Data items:
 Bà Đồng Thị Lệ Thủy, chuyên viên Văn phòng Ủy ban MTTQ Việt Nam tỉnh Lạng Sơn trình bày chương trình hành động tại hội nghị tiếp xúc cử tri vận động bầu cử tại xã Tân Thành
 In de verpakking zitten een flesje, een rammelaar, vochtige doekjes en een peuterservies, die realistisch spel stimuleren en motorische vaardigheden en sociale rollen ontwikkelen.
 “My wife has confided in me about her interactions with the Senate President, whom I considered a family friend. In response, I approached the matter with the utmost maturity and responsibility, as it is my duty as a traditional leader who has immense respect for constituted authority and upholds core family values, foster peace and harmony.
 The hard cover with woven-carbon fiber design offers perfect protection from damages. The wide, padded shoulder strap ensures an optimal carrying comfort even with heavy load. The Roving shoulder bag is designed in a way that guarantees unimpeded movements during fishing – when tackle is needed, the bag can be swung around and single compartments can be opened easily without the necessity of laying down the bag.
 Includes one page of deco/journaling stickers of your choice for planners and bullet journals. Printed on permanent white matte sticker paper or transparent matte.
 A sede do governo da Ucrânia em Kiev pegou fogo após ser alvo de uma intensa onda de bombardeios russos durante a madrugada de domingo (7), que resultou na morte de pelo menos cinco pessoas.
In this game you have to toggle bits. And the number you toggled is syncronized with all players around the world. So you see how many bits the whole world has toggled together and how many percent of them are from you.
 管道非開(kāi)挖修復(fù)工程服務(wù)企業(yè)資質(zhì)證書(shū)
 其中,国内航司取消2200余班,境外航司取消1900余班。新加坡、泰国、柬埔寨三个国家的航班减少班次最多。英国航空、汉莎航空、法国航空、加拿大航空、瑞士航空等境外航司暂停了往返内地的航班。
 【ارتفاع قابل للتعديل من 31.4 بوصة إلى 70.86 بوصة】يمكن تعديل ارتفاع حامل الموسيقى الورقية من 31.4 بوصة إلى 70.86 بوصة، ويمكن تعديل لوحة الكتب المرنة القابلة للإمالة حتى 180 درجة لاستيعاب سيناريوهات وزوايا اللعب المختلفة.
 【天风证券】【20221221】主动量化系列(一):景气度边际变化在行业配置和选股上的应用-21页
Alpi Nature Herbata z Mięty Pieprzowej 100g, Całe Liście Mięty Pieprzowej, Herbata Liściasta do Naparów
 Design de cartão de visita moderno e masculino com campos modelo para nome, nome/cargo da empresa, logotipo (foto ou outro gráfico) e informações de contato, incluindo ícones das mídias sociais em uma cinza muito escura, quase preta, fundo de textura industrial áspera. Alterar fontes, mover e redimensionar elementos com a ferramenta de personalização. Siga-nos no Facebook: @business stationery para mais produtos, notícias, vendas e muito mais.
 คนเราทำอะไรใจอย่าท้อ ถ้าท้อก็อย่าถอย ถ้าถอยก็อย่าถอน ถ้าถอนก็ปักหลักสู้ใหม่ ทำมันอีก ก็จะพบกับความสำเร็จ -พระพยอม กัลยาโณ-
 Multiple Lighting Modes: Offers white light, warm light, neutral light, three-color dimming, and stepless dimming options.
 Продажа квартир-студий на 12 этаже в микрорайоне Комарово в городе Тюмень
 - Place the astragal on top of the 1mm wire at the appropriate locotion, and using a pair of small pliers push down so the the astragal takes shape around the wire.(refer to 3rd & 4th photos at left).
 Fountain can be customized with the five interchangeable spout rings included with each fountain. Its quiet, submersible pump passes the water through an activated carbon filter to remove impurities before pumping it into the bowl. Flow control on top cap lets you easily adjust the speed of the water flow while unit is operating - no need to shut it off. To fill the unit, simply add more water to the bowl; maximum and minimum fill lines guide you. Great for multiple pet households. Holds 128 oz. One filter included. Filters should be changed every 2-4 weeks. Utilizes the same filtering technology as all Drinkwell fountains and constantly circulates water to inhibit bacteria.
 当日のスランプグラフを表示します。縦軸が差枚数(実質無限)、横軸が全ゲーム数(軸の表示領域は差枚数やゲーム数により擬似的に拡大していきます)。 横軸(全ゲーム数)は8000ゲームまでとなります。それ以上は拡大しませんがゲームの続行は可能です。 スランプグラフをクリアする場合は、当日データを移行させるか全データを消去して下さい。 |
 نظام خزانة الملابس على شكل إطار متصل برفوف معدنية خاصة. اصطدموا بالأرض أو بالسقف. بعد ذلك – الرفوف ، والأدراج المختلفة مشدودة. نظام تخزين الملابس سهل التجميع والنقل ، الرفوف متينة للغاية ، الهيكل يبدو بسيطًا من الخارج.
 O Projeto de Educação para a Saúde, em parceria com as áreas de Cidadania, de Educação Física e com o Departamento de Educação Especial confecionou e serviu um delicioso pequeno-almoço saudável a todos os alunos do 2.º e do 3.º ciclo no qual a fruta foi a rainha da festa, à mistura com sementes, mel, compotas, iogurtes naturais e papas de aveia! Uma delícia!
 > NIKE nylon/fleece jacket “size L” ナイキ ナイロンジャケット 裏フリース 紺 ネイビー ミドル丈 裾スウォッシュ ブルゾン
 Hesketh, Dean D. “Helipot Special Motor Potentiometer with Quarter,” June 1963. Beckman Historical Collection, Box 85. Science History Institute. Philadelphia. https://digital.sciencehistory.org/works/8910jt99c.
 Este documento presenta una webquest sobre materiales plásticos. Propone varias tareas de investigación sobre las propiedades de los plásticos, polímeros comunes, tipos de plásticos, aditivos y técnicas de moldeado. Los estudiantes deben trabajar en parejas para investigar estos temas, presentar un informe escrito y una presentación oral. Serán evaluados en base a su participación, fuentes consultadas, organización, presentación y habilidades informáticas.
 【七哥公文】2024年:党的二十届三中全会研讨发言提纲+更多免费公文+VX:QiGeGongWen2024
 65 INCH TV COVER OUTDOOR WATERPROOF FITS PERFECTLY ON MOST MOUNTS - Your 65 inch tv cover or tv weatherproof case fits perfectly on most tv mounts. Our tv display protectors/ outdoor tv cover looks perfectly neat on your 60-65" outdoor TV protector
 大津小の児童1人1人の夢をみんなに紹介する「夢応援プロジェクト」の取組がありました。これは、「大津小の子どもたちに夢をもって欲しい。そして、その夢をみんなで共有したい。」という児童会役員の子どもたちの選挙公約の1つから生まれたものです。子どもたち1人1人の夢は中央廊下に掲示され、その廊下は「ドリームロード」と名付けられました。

_DESCRIPTION OF THE TASK_
Output, from the data above, the lines from the line with "其中,国内航司取消2200余" to the line with "Alpi Nature Herbata" exactly as they stand, both ends included and nothing else.

_ANSWER TO THE PROBLEM_
 其中,国内航司取消2200余班,境外航司取消1900余班。新加坡、泰国、柬埔寨三个国家的航班减少班次最多。英国航空、汉莎航空、法国航空、加拿大航空、瑞士航空等境外航司暂停了往返内地的航班。
 【ارتفاع قابل للتعديل من 31.4 بوصة إلى 70.86 بوصة】يمكن تعديل ارتفاع حامل الموسيقى الورقية من 31.4 بوصة إلى 70.86 بوصة، ويمكن تعديل لوحة الكتب المرنة القابلة للإمالة حتى 180 درجة لاستيعاب سيناريوهات وزوايا اللعب المختلفة.
 【天风证券】【20221221】主动量化系列(一):景气度边际变化在行业配置和选股上的应用-21页
Alpi Nature Herbata z Mięty Pieprzowej 100g, Całe Liście Mięty Pieprzowej, Herbata Liściasta do Naparów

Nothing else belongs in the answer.